Laplace Approximation at Multiple Dimension

Define precision matrix \(\mathbf{A} = -\mathbf{H}\) (negative Hessian)

Our approximation becomes: 

\ln f(\mathbf{z}) \approx \ln f(\mathbf{z}_0) - \frac{1}{2}(\mathbf{z}-\mathbf{z}_0)^T \mathbf{A} (\mathbf{z}-\mathbf{z}_0)

Multivariate Laplace approximation is a \(\mathcal{N}(\mathbf{z}_0, \mathbf{A}^{-1})\) distribution.
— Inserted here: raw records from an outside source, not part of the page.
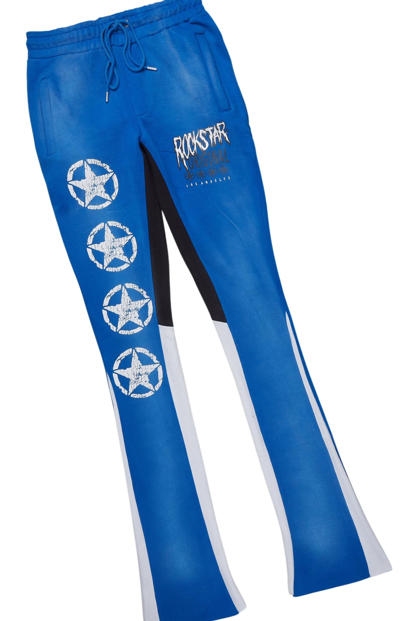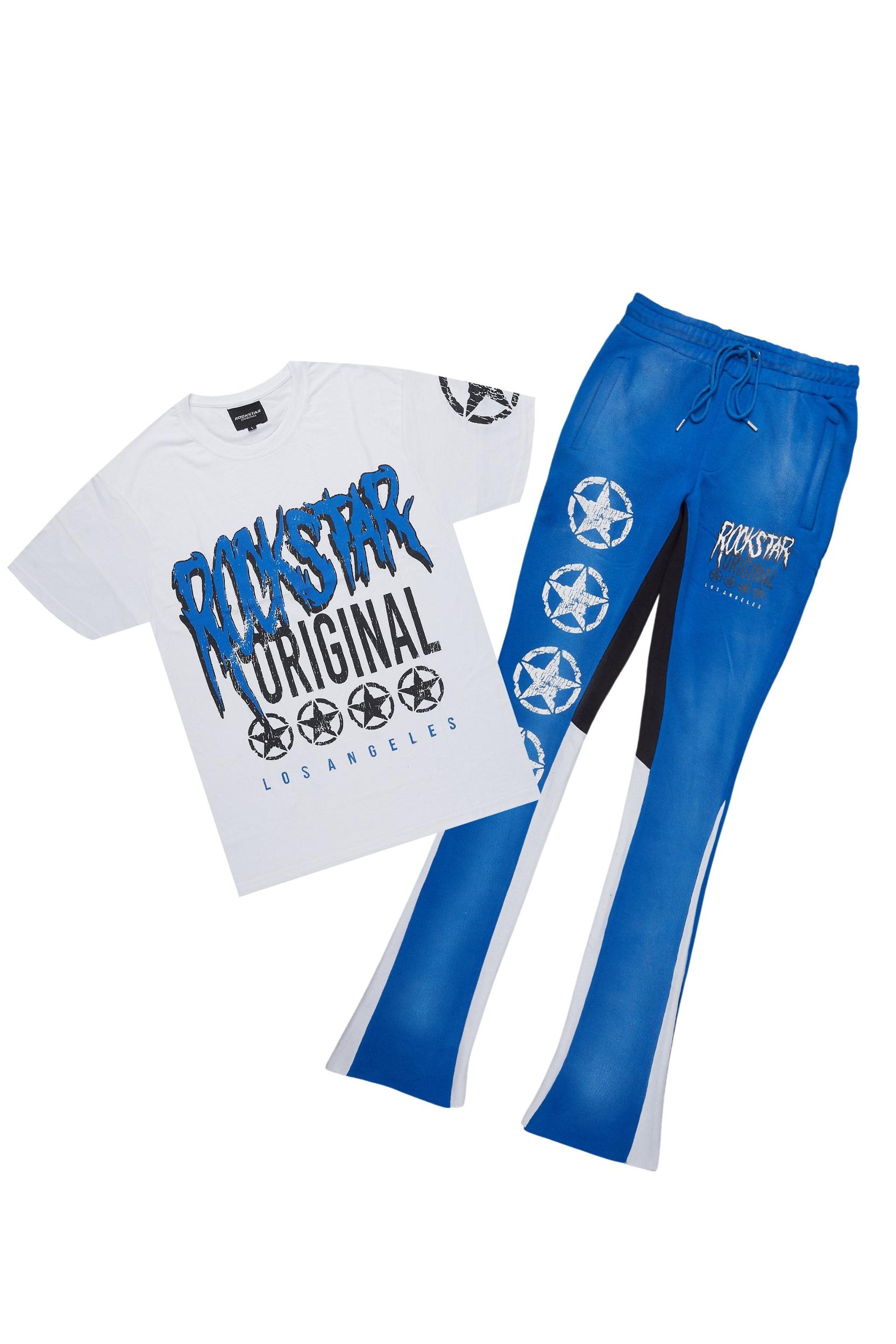 An urban two-piece t-shirt and stacked pant tracksuit set for men in blue. Designed with ultra soft fabric and extra long legs for a dope streetwear set. Rounded neckline Short sleeves Regular fit Drawstring waistband Slant pockets Color block designing Printed RSO logos Stacked construction 35.75" seams *NOTE: These pants are purposefully designed with extra long legs so the fabric properly bunches at the hem, creating the stacked flare style.
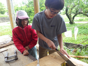 本焼きの火の番をしていない時間にも自分たちの暮らしに必要な仕事を進めるこどもたちです。あだっちーと仲っちはニワトリ小屋に使う板をノコギリで切っています。忙しい毎日の中で空いている時間をいかに使うかが鍵です!
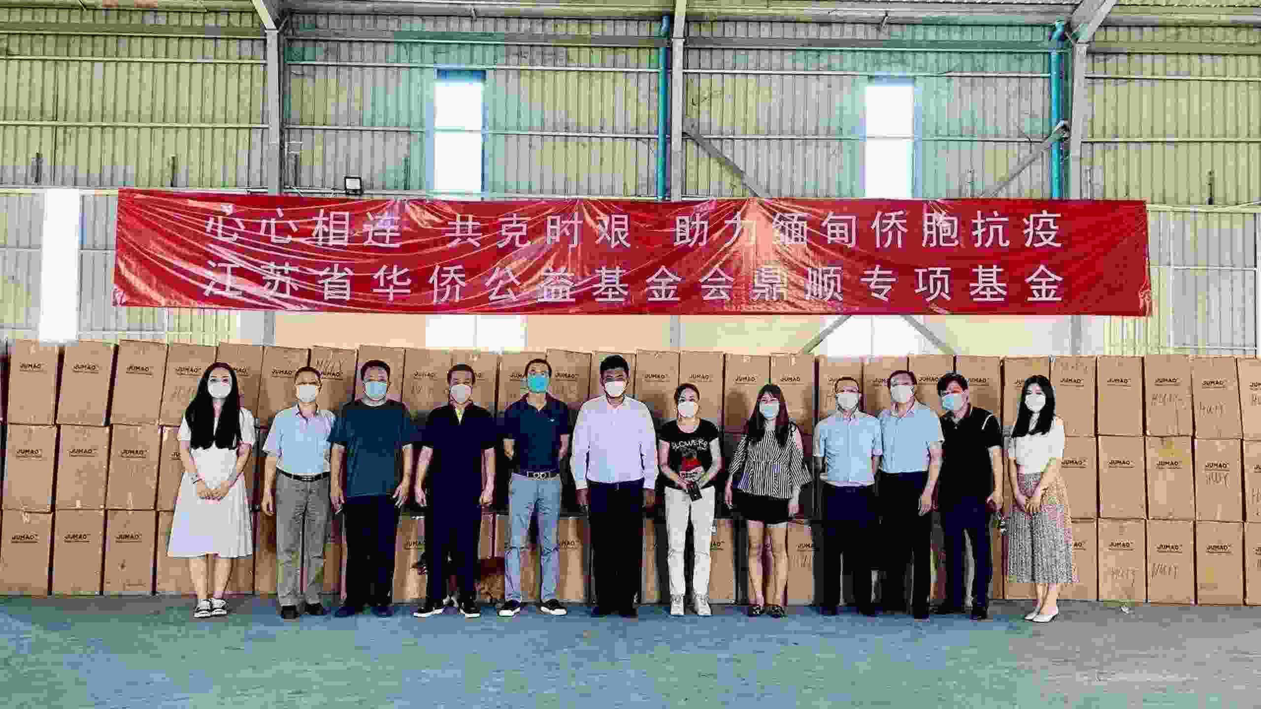 对江苏省侨联、江苏省华侨公益基金会和鼎顺专项基金及时伸出援助之手,缅甸江苏商会会长惠源动情说到,“在缅甸医疗物资缺乏的关键时期,感谢江苏省侨联、江苏省华侨公益基金会和鼎顺专项基金,心系侨胞冷暖,及时伸出援手,争分夺秒筹集运送物资,为在缅侨胞战胜疫情增添了信心。”

Application to Bayesian Logistic Regression

MAP finds parameter values that maximize posterior probability: 

Extends Maximum Likelihood Estimation by incorporating prior 

\mathbf{w}_{\text{MAP}} = \arg\max_{\mathbf{w}} p(\mathbf{w}|\mathcal{D}) = \arg\max_{\mathbf{w}} {p(\mathcal{D}|\mathbf{w})p(\mathbf{w})}

When prior is uniform, MAP reduces to MLE

Then, calculate the Hessian at the log posterior evaluated at \( \mathbf{w}_{\text{MAP}} \)

The Log Posterior

Log posterior combines prior and likelihood terms: 

Second term is familiar cross-entropy from MLE

\ln p(\mathbf{w}|\mathbf{t},\mathbf{X}) = \ln p(\mathbf{w}) + \ln p(\mathbf{t}|\mathbf{w},\mathbf{X})
= -\frac{1}{2}(\mathbf{w}-\mathbf{m}_0)^T\mathbf{S}_0^{-1}(\mathbf{w}-\mathbf{m}_0)
+ \sum_{n=1}^N [t_n\ln\sigma(\mathbf{w}^T\mathbf{x}_n) + (1-t_n)\ln(1-\sigma(\mathbf{w}^T\mathbf{x}_n))]

Finding the MAP Estimate

Need to optimize posterior probability using stochastic gradient descent 

Computing the gradient:

\nabla \ln p(\mathbf{w}|\mathbf{t},\mathbf{X}) = \nabla \ln p(\mathbf{w}) + \nabla \ln p(\mathbf{t}|\mathbf{w},\mathbf{X})
= -\mathbf{S}_0^{-1}(\mathbf{w}-\mathbf{m}_0) + \sum_{n=1}^N (t_n - \sigma(\mathbf{w}^T\mathbf{x}_n))\mathbf{x}_n

Prior acts as regularizer that pulls weights toward \(\mathbf{m}_0\)

Finding the MAP Estimate

Unlike linear regression, no closed-form solution 

Maximize log posterior \( \ln p(\mathbf{w}|\mathbf{t},\mathbf{X}) \) using SGD: 

We climb up the posterior with the gradient:

\mathbf{w}^{(t+1)} = \mathbf{w}^{(t)} + \eta \nabla \ln p(\mathbf{w}^{(t)}|\mathbf{t},\mathbf{X})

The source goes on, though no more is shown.